# What is expected
Retype the lines of the listing below exactly, but only those from the one containing "Published Jul 1940" through the last line; pictures stay out.

# Stored data
□ □ □ □ □ □ □
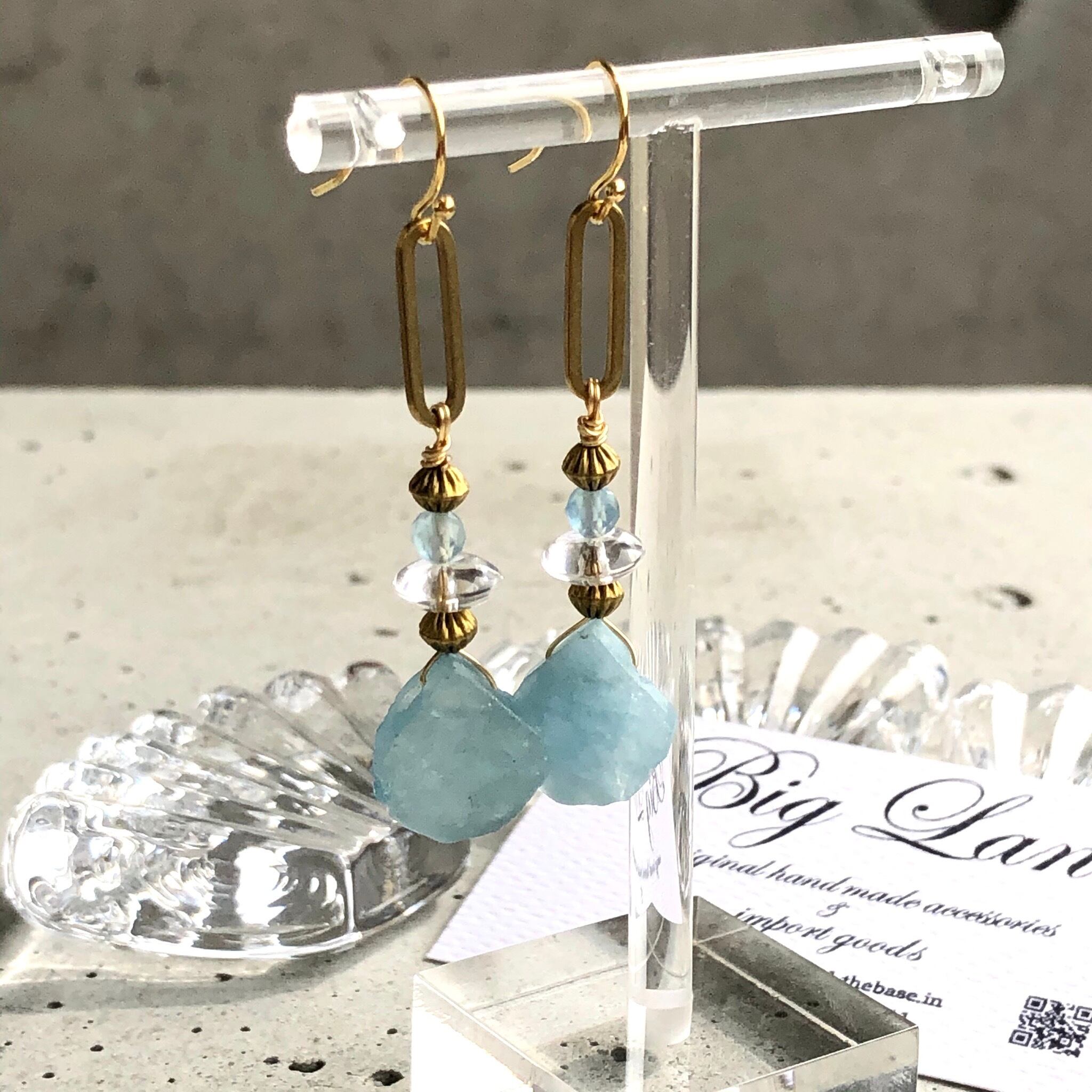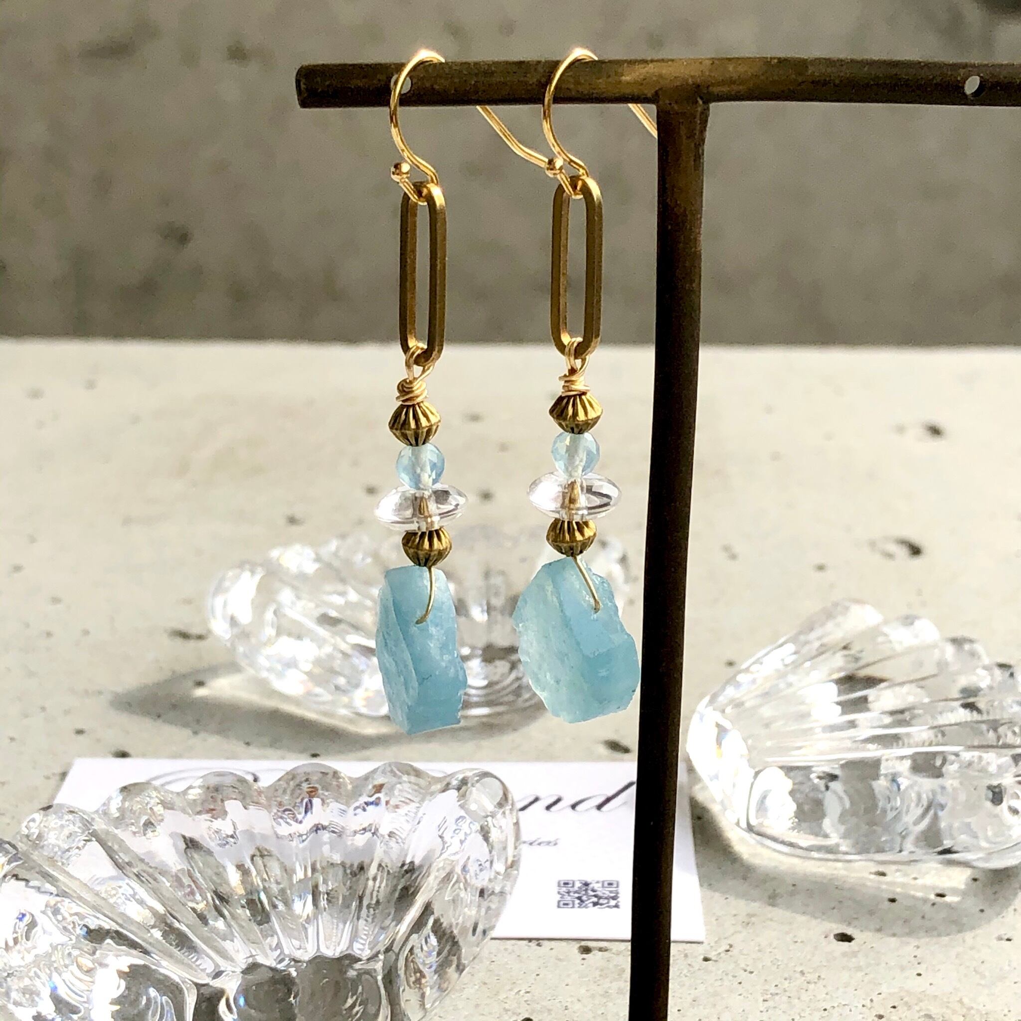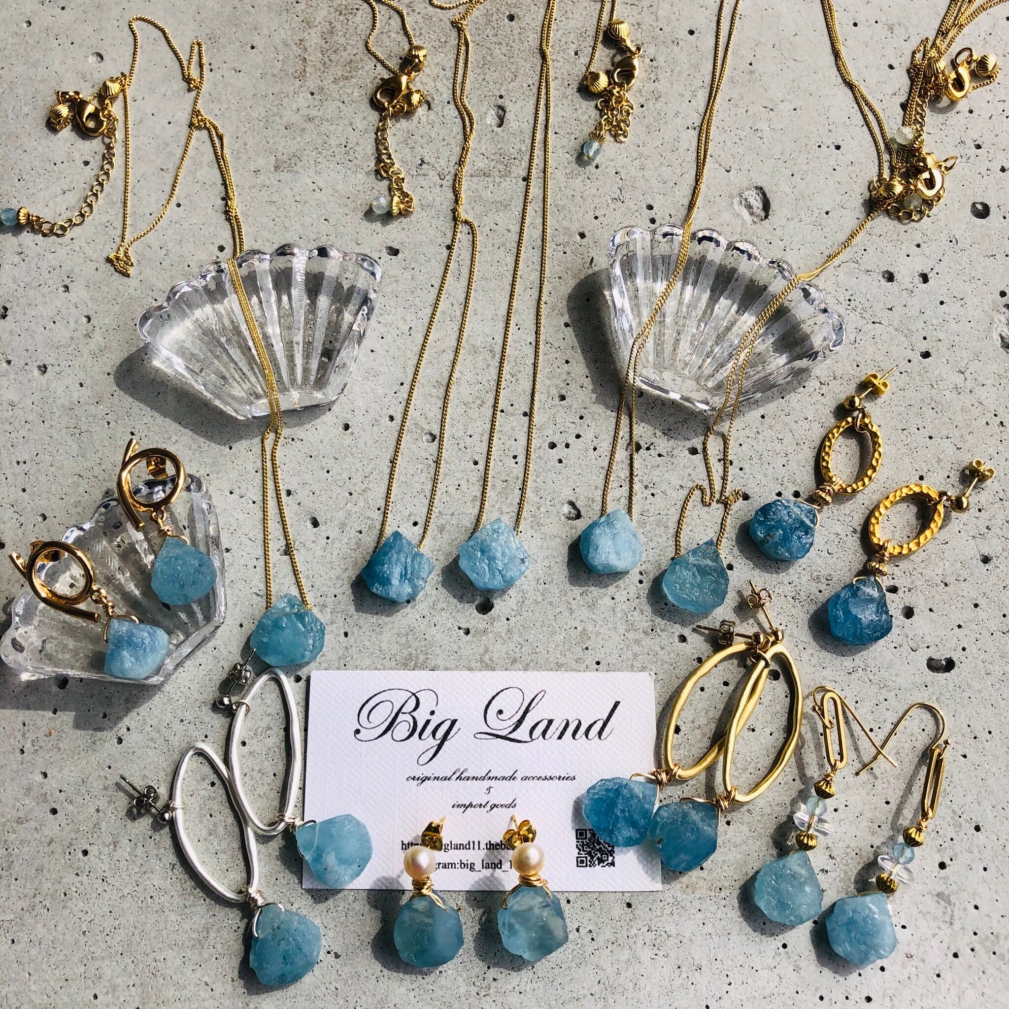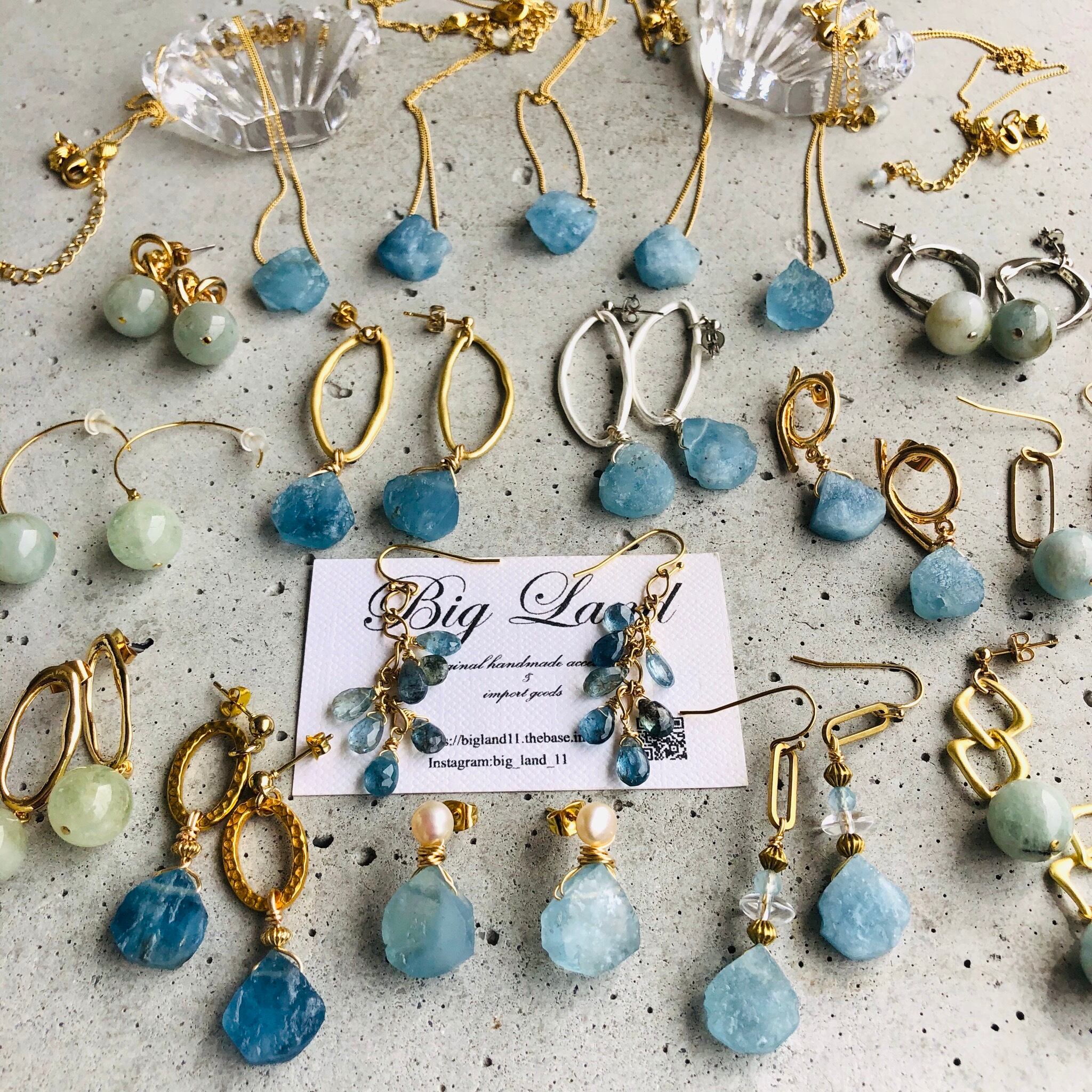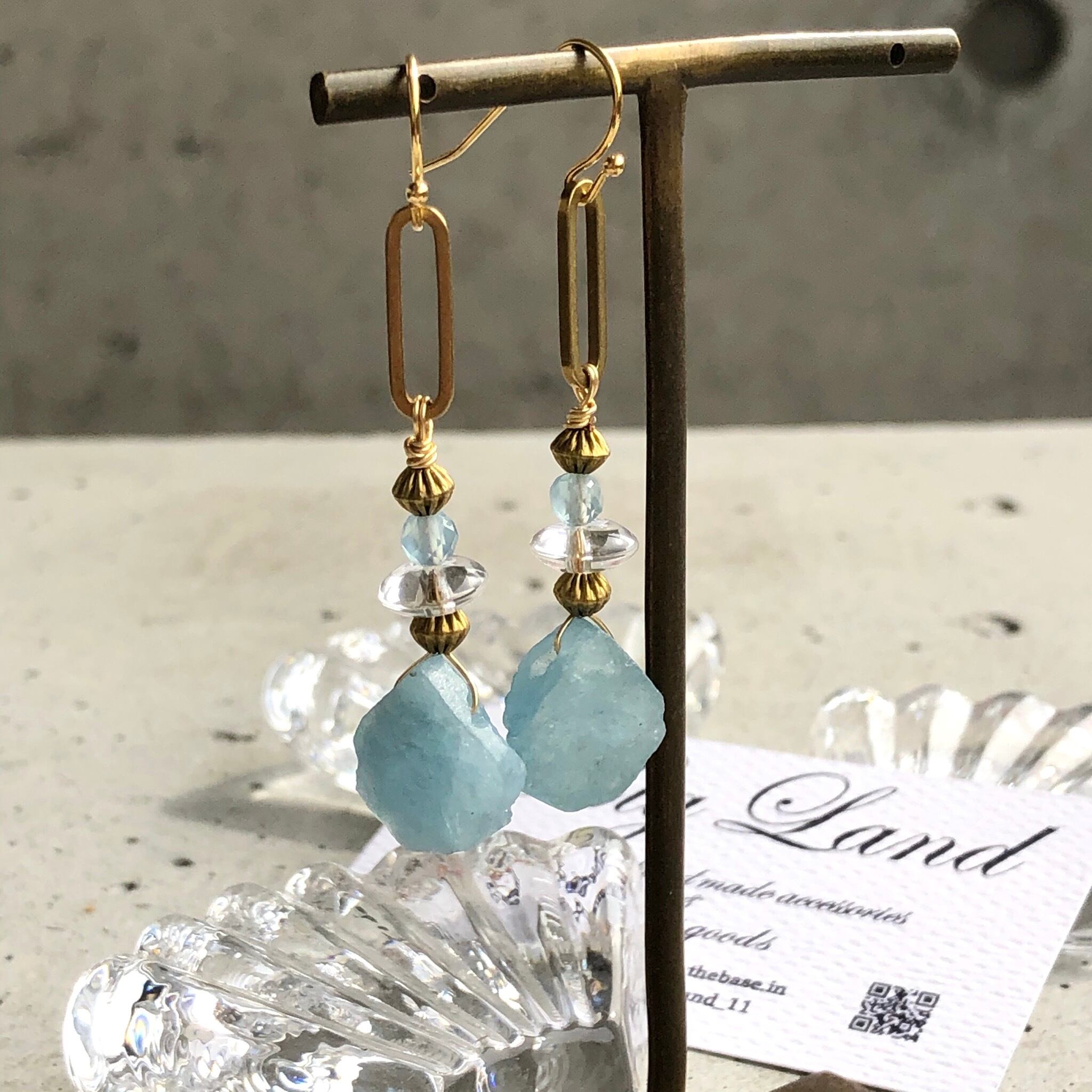 アクアマリンの原石&水晶&真鍮を使いエキゾチックな雰囲気に仕上げてみました!!今年はブルーや水色がトレンドカラーで雑誌でも推してるので小物で取り入れて爽やか気分でコーデをお楽しみ下さい✨
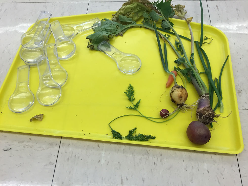 Today we used our senses to become vegetable detectives. We had a lot of fun examining the vegetables from our garden. We made a connection between the taste of food fresh from the garden versus what we eat from the grocery store. Fresh is best and tastes a whole lot better!!
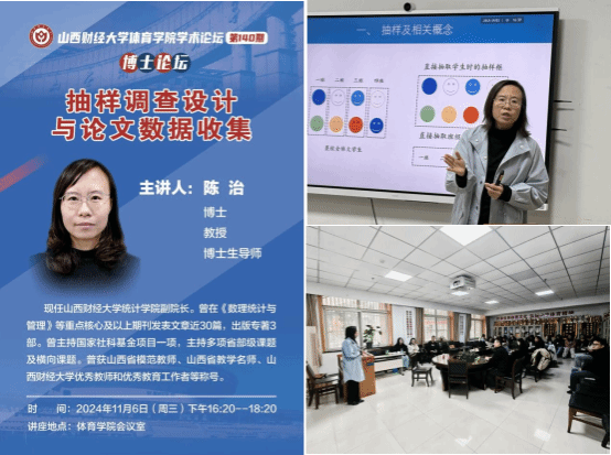 11月6日下午,必威BETWAY西汉姆联学术论坛第一百四十期——博士论坛在必威BETWAY西汉姆联会议室顺利举办。为研究生体育科研思路借鉴与方法移植注入动力,本期论坛特邀必威西汉姆联统计学院副院长、博士研究生导师陈治教授做“抽样调查设计与论文数据收集”主题讲座。必威BETWAY西汉姆联副院长高进主持论坛,必威BETWAY西汉姆联部分青年教师、全体研究生参加了研讨交流。
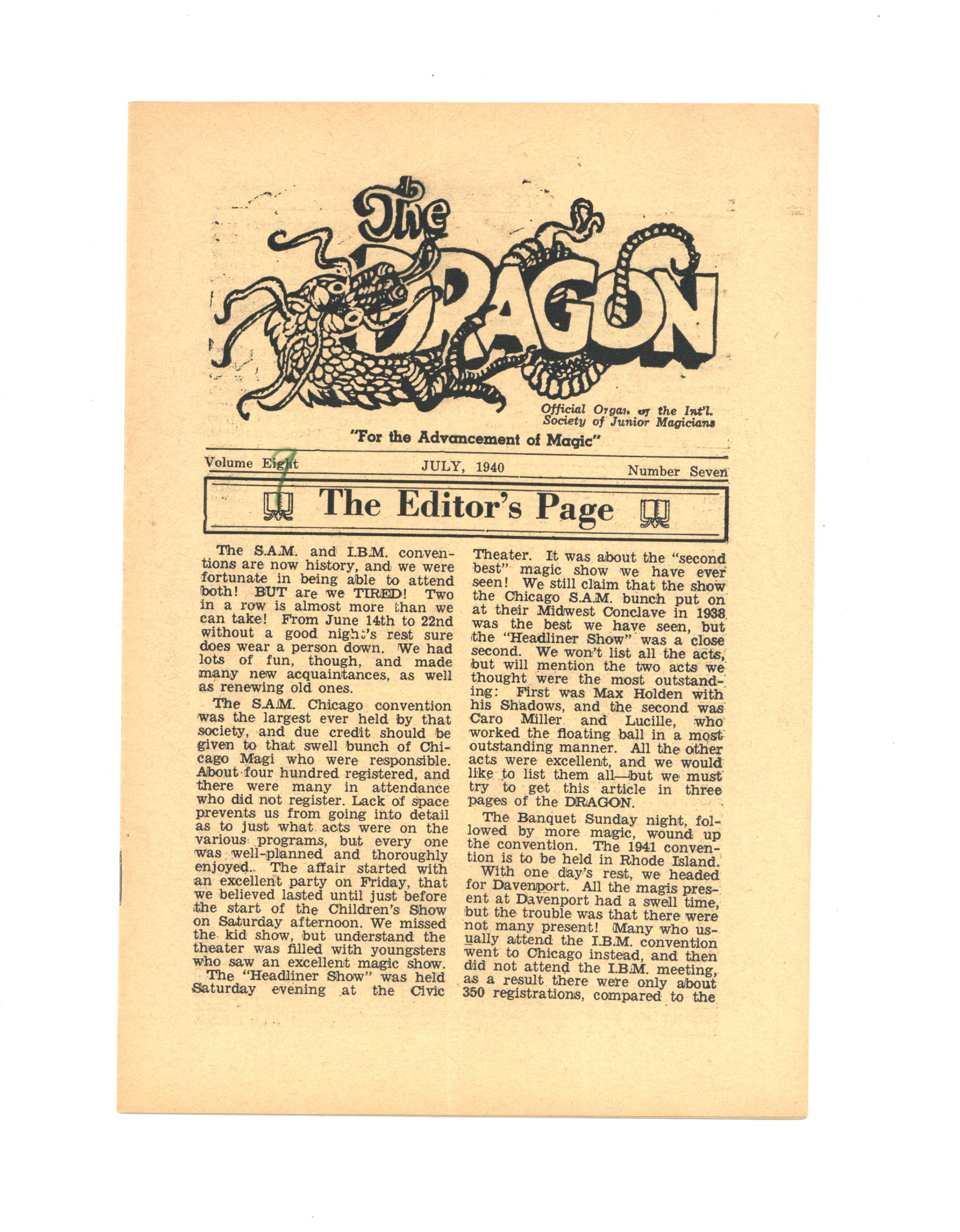Published Jul 1940 by International Society of Junior Magicians.$19.00Official organ of the International Society of Junior Magicians, containing news and tips. 16 pages on newsprint. This issue is mislabeled as Volume 8, but 1940 is actually volume 9.
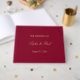 O Burgundy Ouro Beige Wedding Guest Book, personalize o texto na coluna e na frente, conforme necessário, usando o modelo de personalização online antes de fazer o pedido. A frente e a espinha do livro convidado apresentam texto na moda num tom ouro de bege (faux gold / gold look).
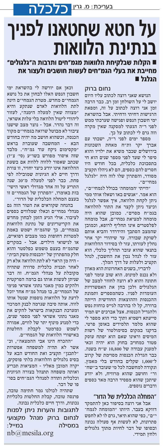 אתם צריכים תהליך כלכלי מסודר שמסיים את הגלגולים ומעלה אתכם על דרך המלך.
□ □ □ □ □ □ □
# Output below
Published Jul 1940 by International Society of Junior Magicians.$19.00Official organ of the International Society of Junior Magicians, containing news and tips. 16 pages on newsprint. This issue is mislabeled as Volume 8, but 1940 is actually volume 9.
 O Burgundy Ouro Beige Wedding Guest Book, personalize o texto na coluna e na frente, conforme necessário, usando o modelo de personalização online antes de fazer o pedido. A frente e a espinha do livro convidado apresentam texto na moda num tom ouro de bege (faux gold / gold look).
 אתם צריכים תהליך כלכלי מסודר שמסיים את הגלגולים ומעלה אתכם על דרך המלך.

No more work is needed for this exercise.